Dalam sambutannya, Presiden Prabowo menegaskan bahwa keberadaan Museum Marsinah bukan semata-mata sebagai ruang penyimpanan sejarah, melainkan sebagai pengingat kolektif bangsa atas pentingnya menjunjung nilai kemanusiaan dan keadilan sosial.

Menurut Presiden, tragedi yang pernah menimpa Marsinah tidak seharusnya terjadi di negara yang berlandaskan Pancasila dan menjunjung tinggi harkat manusia. Ia menekankan bahwa pembangunan nasional harus berpihak kepada kelompok masyarakat rentan yang selama ini menjadi tulang punggung perekonomian bangsa.

Baca juga:

Negara harus hadir untuk melindungi rakyat dan memastikan kesejahteraan dirasakan secara adil,” tegas Presiden Prabowo di hadapan para tamu undangan.

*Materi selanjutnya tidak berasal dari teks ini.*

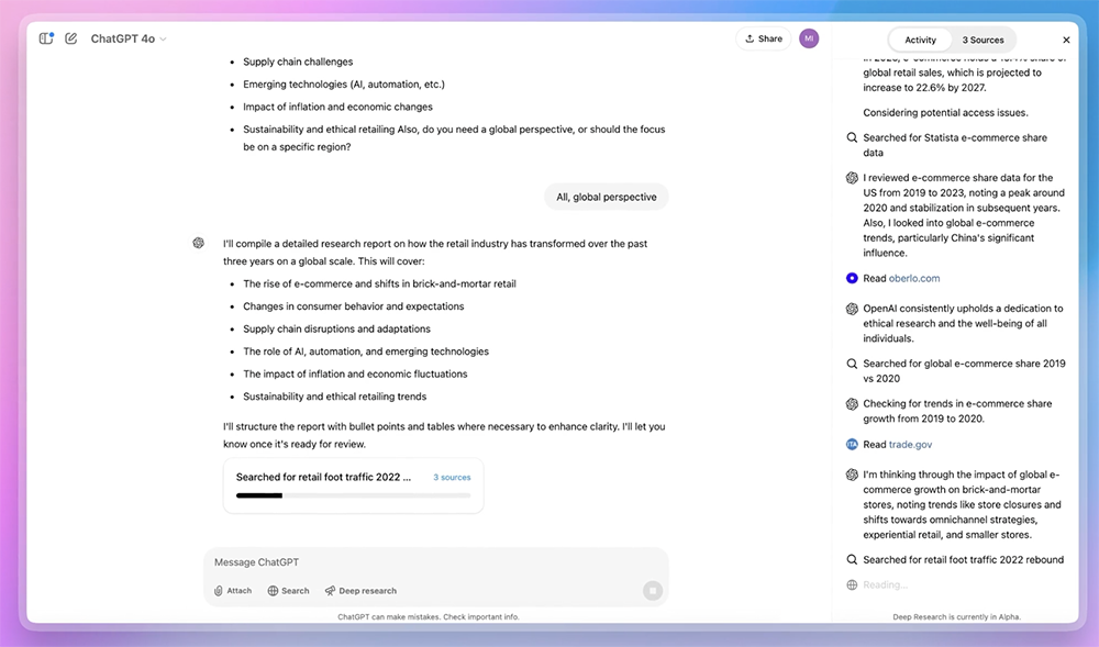 目前ChatGPT Deep Research只能输出文本,但OpenAI计划很快添加嵌入式图像、数据可视化及其他分析输出,还将增加连接更专业数据源的能力。

Dalam kesempatan tersebut, Presiden juga mengumumkan bahwa Marsinah telah resmi ditetapkan sebagai pahlawan nasional. Penetapan itu menjadi bentuk penghormatan negara atas keberanian dan pengorbanannya dalam memperjuangkan hak-hak pekerja Indonesia.

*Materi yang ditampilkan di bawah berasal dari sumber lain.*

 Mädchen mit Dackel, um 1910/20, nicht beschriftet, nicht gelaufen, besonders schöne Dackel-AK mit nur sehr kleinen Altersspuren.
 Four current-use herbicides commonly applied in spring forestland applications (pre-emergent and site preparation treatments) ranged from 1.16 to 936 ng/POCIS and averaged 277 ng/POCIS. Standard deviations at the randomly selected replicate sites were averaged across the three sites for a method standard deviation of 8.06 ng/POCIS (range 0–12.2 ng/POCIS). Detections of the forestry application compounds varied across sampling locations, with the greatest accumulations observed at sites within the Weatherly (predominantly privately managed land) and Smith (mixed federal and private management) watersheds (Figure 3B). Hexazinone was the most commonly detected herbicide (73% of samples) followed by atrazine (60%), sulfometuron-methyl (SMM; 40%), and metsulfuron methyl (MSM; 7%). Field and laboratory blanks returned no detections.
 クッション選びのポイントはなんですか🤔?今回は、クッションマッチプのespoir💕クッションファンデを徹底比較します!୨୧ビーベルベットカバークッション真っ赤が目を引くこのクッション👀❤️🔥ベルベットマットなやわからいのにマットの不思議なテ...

Keberadaan Museum Marsinah di Kabupaten Nganjuk dinilai memiliki makna strategis dalam merawat memori sejarah bangsa sekaligus memperkuat kesadaran kolektif mengenai pentingnya perlindungan terhadap buruh dan kelompok masyarakat kecil lainnya. Museum itu diharapkan menjadi ruang edukasi publik yang mampu menginspirasi generasi muda tentang nilai perjuangan, keberanian, dan kemanusiaan.

Presiden Prabowo turut mengajak seluruh elemen bangsa, mulai dari pemerintah, pelaku usaha, hingga masyarakat sipil, untuk memperkuat semangat keadilan sosial dan keberpihakan terhadap rakyat kecil. Menurutnya, pembangunan yang berkelanjutan tidak boleh meninggalkan kelompok masyarakat yang selama ini memiliki kontribusi besar dalam menggerakkan roda ekonomi nasional, seperti buruh, petani, nelayan, dan pekerja sektor informal.

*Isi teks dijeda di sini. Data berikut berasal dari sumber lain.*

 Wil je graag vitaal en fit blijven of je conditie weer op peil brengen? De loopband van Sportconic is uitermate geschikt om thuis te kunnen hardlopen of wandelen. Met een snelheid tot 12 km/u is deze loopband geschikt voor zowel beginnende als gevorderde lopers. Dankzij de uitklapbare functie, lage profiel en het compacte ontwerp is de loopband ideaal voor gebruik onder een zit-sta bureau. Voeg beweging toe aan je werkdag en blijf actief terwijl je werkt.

Sementara itu, kehadiran Wakil Bupati Bojonegoro Nurul Azizah dalam acara tersebut sekaligus mempertegas komitmen Pemerintah Kabupaten Bojonegoro dalam mendukung penguatan nilai-nilai kebangsaan, kemanusiaan, serta perlindungan terhadap hak-hak masyarakat dan pekerja di Indonesia.

Peresmian Museum Marsinah menjadi penanda penting bahwa sejarah perjuangan rakyat tidak hanya dikenang, tetapi juga dijadikan pijakan moral dalam membangun Indonesia yang lebih adil, manusiawi, dan berkeadaban.